**Task**
Below are records to retype exactly, except for the pictures.

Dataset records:
|---|

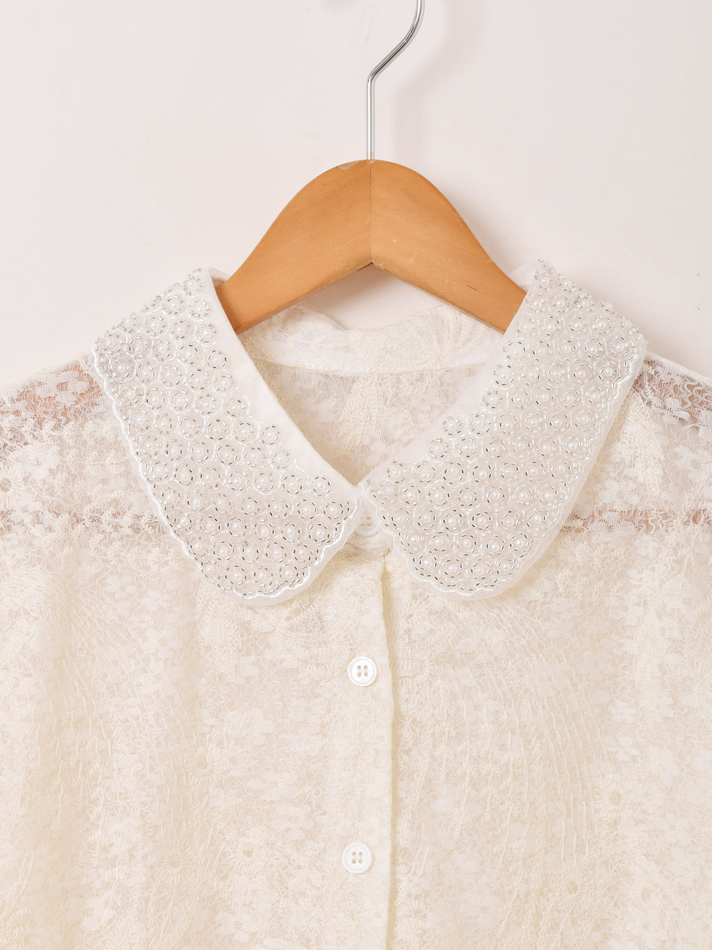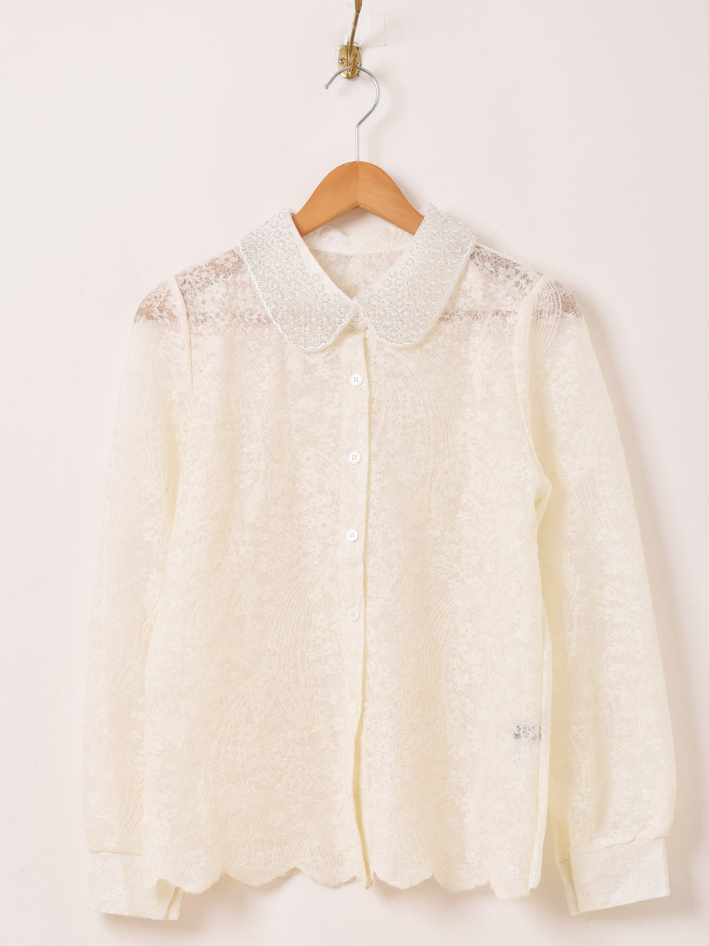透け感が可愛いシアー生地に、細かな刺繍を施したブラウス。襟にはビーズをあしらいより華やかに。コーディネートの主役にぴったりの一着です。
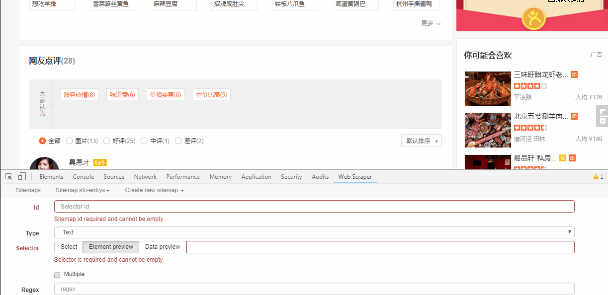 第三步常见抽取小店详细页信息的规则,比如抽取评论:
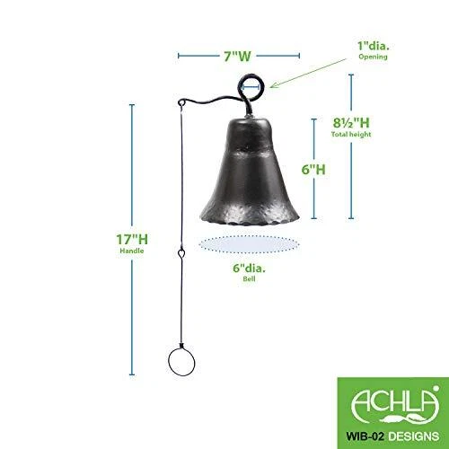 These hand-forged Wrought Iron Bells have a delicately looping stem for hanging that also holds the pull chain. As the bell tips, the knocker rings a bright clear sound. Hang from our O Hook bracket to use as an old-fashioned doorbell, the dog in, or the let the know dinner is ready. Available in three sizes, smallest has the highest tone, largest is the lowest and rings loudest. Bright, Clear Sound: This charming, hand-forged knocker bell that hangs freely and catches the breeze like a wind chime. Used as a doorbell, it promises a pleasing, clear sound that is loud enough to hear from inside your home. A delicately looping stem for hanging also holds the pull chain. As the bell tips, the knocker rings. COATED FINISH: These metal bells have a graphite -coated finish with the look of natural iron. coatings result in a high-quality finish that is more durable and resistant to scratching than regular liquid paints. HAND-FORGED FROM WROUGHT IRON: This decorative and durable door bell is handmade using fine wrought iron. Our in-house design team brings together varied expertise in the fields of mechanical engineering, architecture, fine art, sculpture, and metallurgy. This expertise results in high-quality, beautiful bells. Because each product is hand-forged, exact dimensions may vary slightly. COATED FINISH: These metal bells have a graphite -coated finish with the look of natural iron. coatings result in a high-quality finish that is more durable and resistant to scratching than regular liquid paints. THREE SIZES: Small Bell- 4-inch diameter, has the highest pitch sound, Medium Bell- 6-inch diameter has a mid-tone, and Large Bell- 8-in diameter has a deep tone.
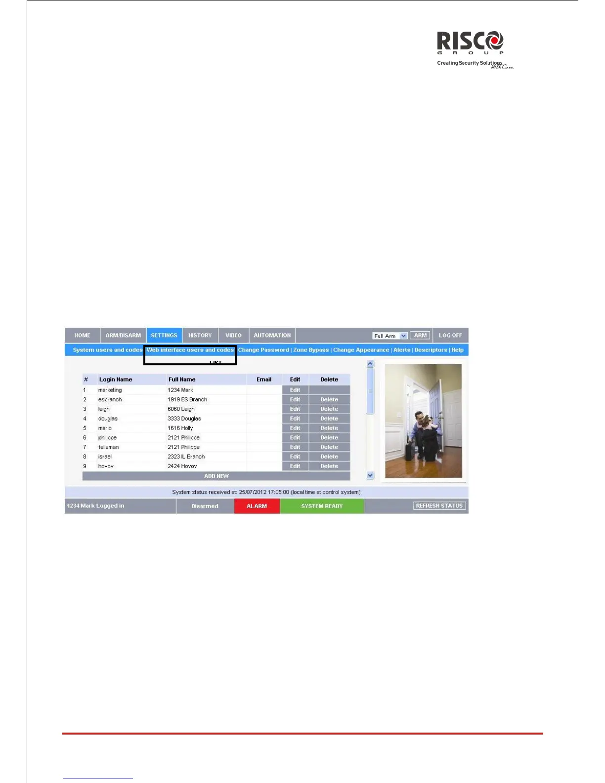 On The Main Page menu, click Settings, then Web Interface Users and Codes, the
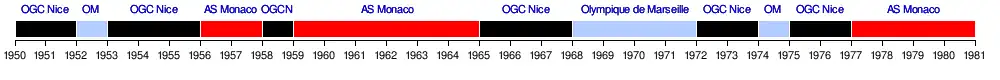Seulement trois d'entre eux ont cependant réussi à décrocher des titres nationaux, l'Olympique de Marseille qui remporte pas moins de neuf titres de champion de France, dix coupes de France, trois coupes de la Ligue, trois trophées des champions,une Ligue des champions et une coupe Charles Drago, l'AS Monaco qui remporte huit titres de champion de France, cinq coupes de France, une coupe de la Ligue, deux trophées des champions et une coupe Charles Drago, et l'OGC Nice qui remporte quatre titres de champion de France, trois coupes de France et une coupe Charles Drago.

|---|

**Reply to the task**
透け感が可愛いシアー生地に、細かな刺繍を施したブラウス。襟にはビーズをあしらいより華やかに。コーディネートの主役にぴったりの一着です。
 第三步常见抽取小店详细页信息的规则,比如抽取评论:
 These hand-forged Wrought Iron Bells have a delicately looping stem for hanging that also holds the pull chain. As the bell tips, the knocker rings a bright clear sound. Hang from our O Hook bracket to use as an old-fashioned doorbell, the dog in, or the let the know dinner is ready. Available in three sizes, smallest has the highest tone, largest is the lowest and rings loudest. Bright, Clear Sound: This charming, hand-forged knocker bell that hangs freely and catches the breeze like a wind chime. Used as a doorbell, it promises a pleasing, clear sound that is loud enough to hear from inside your home. A delicately looping stem for hanging also holds the pull chain. As the bell tips, the knocker rings. COATED FINISH: These metal bells have a graphite -coated finish with the look of natural iron. coatings result in a high-quality finish that is more durable and resistant to scratching than regular liquid paints. HAND-FORGED FROM WROUGHT IRON: This decorative and durable door bell is handmade using fine wrought iron. Our in-house design team brings together varied expertise in the fields of mechanical engineering, architecture, fine art, sculpture, and metallurgy. This expertise results in high-quality, beautiful bells. Because each product is hand-forged, exact dimensions may vary slightly. COATED FINISH: These metal bells have a graphite -coated finish with the look of natural iron. coatings result in a high-quality finish that is more durable and resistant to scratching than regular liquid paints. THREE SIZES: Small Bell- 4-inch diameter, has the highest pitch sound, Medium Bell- 6-inch diameter has a mid-tone, and Large Bell- 8-in diameter has a deep tone.
 On The Main Page menu, click Settings, then Web Interface Users and Codes, the
Seulement trois d'entre eux ont cependant réussi à décrocher des titres nationaux, l'Olympique de Marseille qui remporte pas moins de neuf titres de champion de France, dix coupes de France, trois coupes de la Ligue, trois trophées des champions,une Ligue des champions et une coupe Charles Drago, l'AS Monaco qui remporte huit titres de champion de France, cinq coupes de France, une coupe de la Ligue, deux trophées des champions et une coupe Charles Drago, et l'OGC Nice qui remporte quatre titres de champion de France, trois coupes de France et une coupe Charles Drago.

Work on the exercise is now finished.